Now, for the problem you have, you want to look at $(A_5\times A_5)\rtimes C_2$. If $N$ is normal, then $N\cap (A_5\times A_5) \triangleleft A_5\times A_5$, so the intersection is either trivial, equal to $A_5\times\{1\}$, to $\{1\}\times A_5$, or $N$ contains $A_5\times A_5$. In the latter case, $N=A_5\times A_5$ or $N=(A_5\times A_5)\rtimes C_2$.

If $A_5\times\{1\}\subseteq N$, then for every $g\in A_5$ we have $$((1,1),1)((g,1),0)((1,1),1) =((1,g),1)\in N$$ hence we would have $A_5\times A_5\subseteq N$; symmetrically if $\{1\}\times A_5\subseteq N$.
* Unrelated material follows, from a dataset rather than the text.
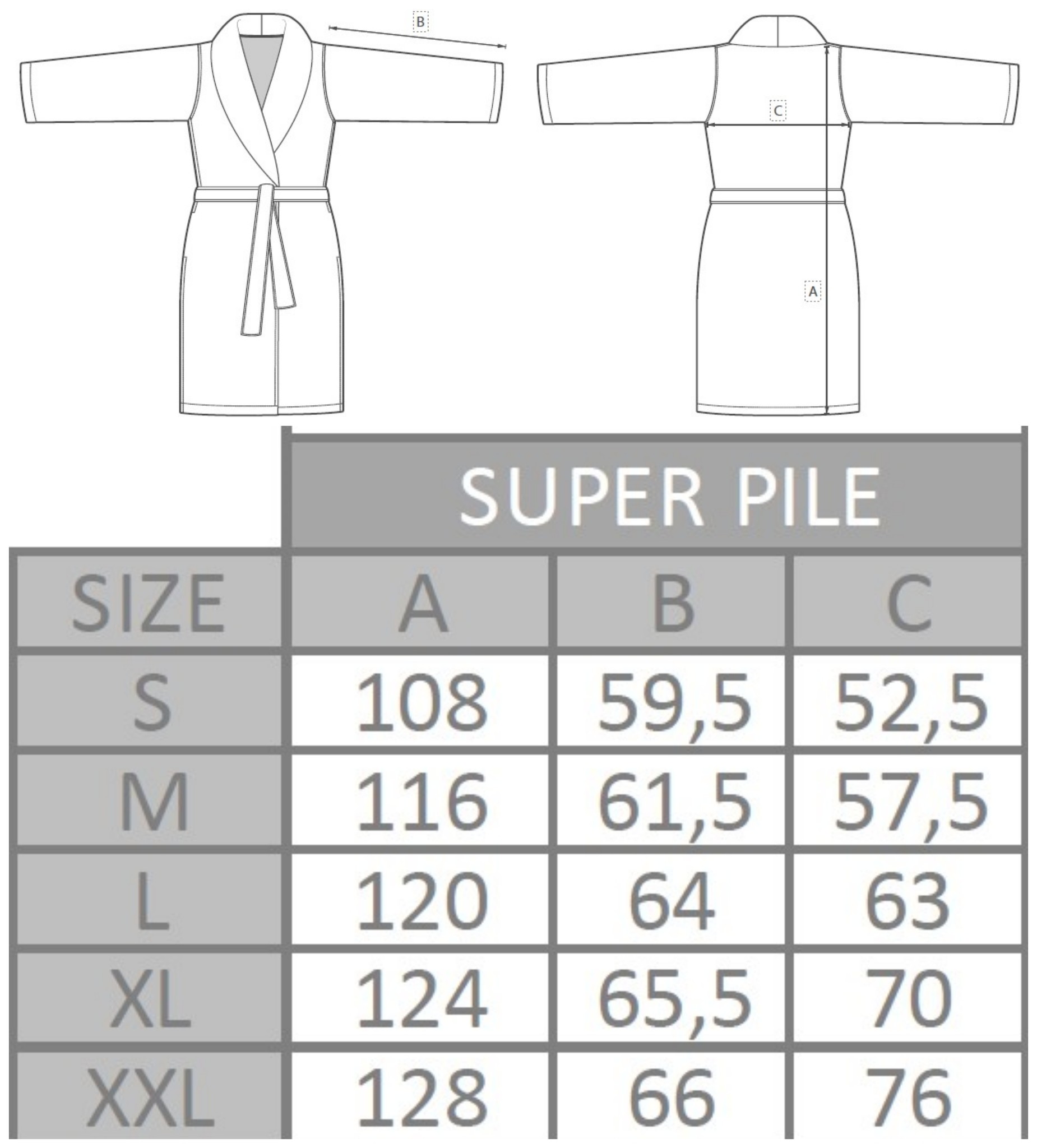 De Super Pile badjassen zijn in 10 kleuren te bestellen. Andere kleuren uit de Super Pile badlijn zijn ook mogelijk, hiervoor geldt een toeslag van 30%. Deze badjassen zijn in de volgende maten verkrijgbaar: S, M, L, XL en XXL. Kijk voor de afmetingen van de badjassen op de laatste foto.

So we are left with the case in which $N\cap (A_5\times A_5)=\{1\}$.

If $((x,y),1)\in N$, then $$((x^{-1},y^{-1}),0)((x,y),1)((x,y),0) = ((1,1),1)((x,y),1) = ((y,x),1)\in N$$ and therefore, $((x,y),1)((y,x),1) = ((x^2,y^2),0)\in N$. Therefore, $x^2=y^2=1$. So any nontrivial element of $N$ must have $A_5\times A_5$ coordinate of exponent $2$. But if $((x,y),1)\in N$ with $x\neq 1$, then there exists $z\in A_5$ such that $xz$ is not of order $2$; then $$((z,1),0)((x,y),1)((z^{-1},1),0) = ((zx,y),1)((z^{-1},1),0) = ((xz,yz^{-1}),1)\in N$$ which contradicts our computations above. Thus, no element of $N$ can have nontrivial $A_5\times A_5$ component. But then $N=\{1\}$ or $N=C_2$, and $C_2$ is not normal in $(A_5\times A_5)\rtimes C_2$. Thus, $N$ is trivial.

So it seems to me that the only three normal subgroups of $(A_5\times A_5)\rtimes C_2$ (with the nontrivial action) are the trivial subgroup, $A_5\times A_5$, and the whole group.